• What you are asked to do:
Everything from the line containing "226/227㎡户型特点: 4T3户,均有独立电梯及门厅互不扰; ·8*8.4m大方厅,宽敞大气;" to the last line of the material below must be retyped exactly, both ends included; skip the pictures.

• Data extract:
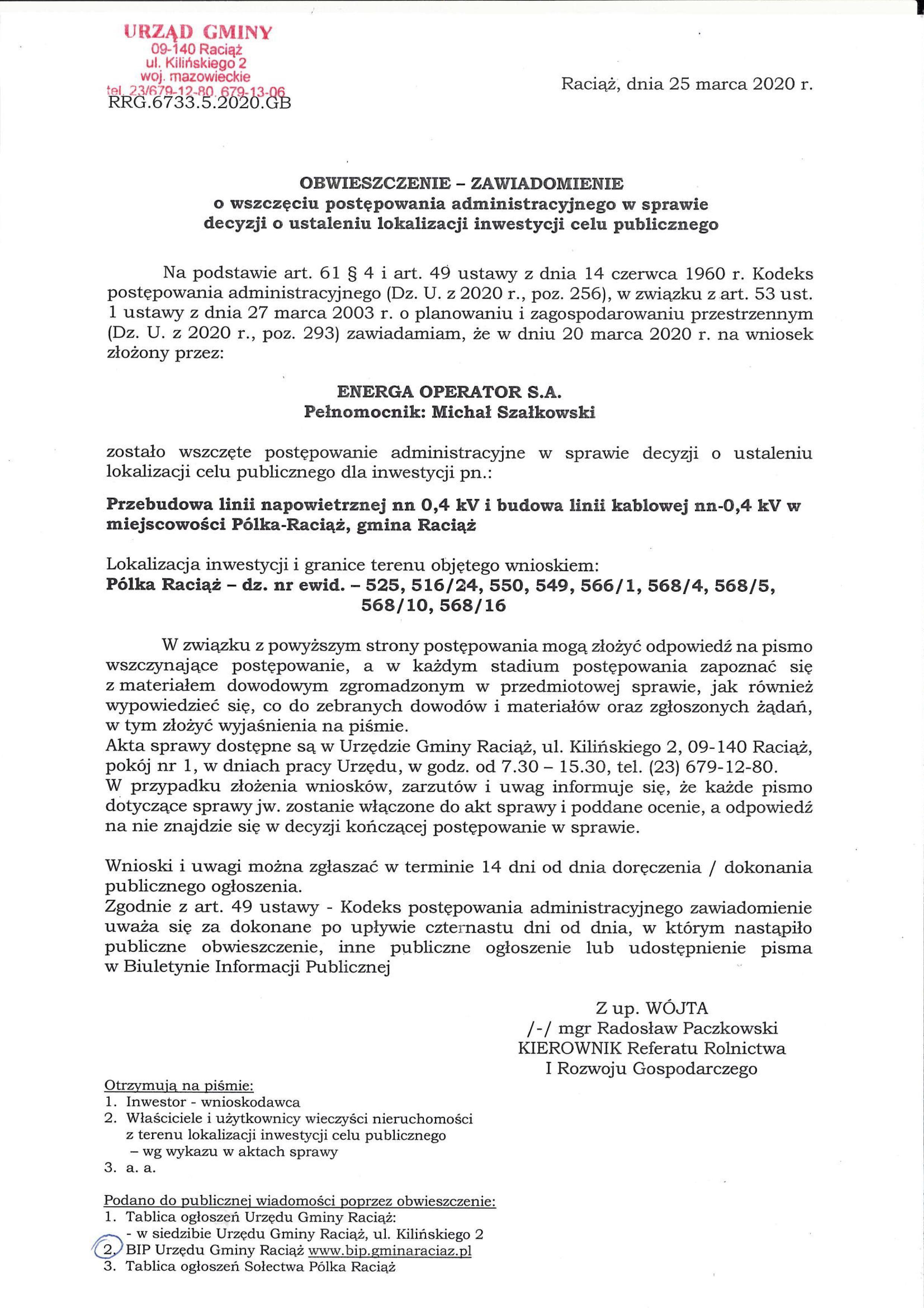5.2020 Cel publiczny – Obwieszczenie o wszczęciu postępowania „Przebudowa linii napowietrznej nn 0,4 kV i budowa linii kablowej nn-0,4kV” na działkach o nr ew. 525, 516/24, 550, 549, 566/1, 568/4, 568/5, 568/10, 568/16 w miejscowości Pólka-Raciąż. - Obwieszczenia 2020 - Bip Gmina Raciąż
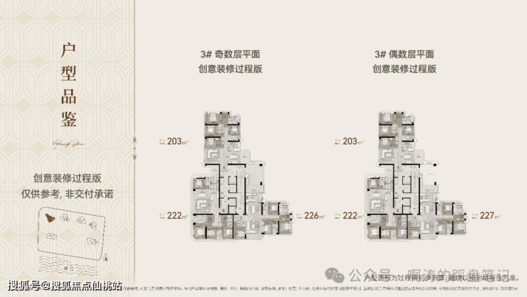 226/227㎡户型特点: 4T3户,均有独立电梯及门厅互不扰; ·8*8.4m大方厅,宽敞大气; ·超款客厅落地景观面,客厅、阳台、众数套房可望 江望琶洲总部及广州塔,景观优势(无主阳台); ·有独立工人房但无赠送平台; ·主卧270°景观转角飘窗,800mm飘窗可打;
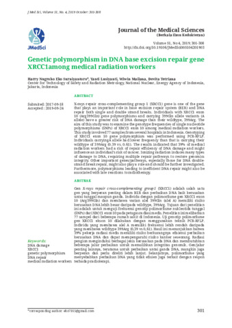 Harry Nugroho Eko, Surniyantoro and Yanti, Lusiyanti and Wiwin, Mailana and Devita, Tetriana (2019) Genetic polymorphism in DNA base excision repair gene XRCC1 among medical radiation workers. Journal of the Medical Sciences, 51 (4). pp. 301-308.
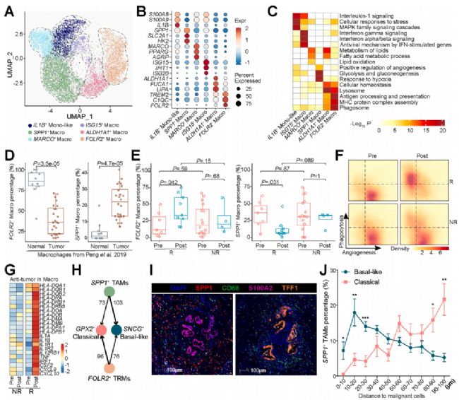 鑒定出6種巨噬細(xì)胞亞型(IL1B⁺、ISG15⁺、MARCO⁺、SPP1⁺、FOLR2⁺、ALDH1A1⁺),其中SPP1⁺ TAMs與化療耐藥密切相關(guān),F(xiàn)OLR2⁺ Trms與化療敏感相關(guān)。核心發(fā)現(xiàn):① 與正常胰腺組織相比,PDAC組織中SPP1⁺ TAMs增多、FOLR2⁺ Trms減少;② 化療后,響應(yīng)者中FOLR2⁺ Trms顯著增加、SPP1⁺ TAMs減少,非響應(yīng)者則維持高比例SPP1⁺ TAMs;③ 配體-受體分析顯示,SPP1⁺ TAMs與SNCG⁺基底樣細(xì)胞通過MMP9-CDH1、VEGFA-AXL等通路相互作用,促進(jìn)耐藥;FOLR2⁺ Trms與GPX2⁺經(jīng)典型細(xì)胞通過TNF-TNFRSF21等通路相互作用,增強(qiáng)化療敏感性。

• Solution to the problem:
 226/227㎡户型特点: 4T3户,均有独立电梯及门厅互不扰; ·8*8.4m大方厅,宽敞大气; ·超款客厅落地景观面,客厅、阳台、众数套房可望 江望琶洲总部及广州塔,景观优势(无主阳台); ·有独立工人房但无赠送平台; ·主卧270°景观转角飘窗,800mm飘窗可打;
 Harry Nugroho Eko, Surniyantoro and Yanti, Lusiyanti and Wiwin, Mailana and Devita, Tetriana (2019) Genetic polymorphism in DNA base excision repair gene XRCC1 among medical radiation workers. Journal of the Medical Sciences, 51 (4). pp. 301-308.
 鑒定出6種巨噬細(xì)胞亞型(IL1B⁺、ISG15⁺、MARCO⁺、SPP1⁺、FOLR2⁺、ALDH1A1⁺),其中SPP1⁺ TAMs與化療耐藥密切相關(guān),F(xiàn)OLR2⁺ Trms與化療敏感相關(guān)。核心發(fā)現(xiàn):① 與正常胰腺組織相比,PDAC組織中SPP1⁺ TAMs增多、FOLR2⁺ Trms減少;② 化療后,響應(yīng)者中FOLR2⁺ Trms顯著增加、SPP1⁺ TAMs減少,非響應(yīng)者則維持高比例SPP1⁺ TAMs;③ 配體-受體分析顯示,SPP1⁺ TAMs與SNCG⁺基底樣細(xì)胞通過MMP9-CDH1、VEGFA-AXL等通路相互作用,促進(jìn)耐藥;FOLR2⁺ Trms與GPX2⁺經(jīng)典型細(xì)胞通過TNF-TNFRSF21等通路相互作用,增強(qiáng)化療敏感性。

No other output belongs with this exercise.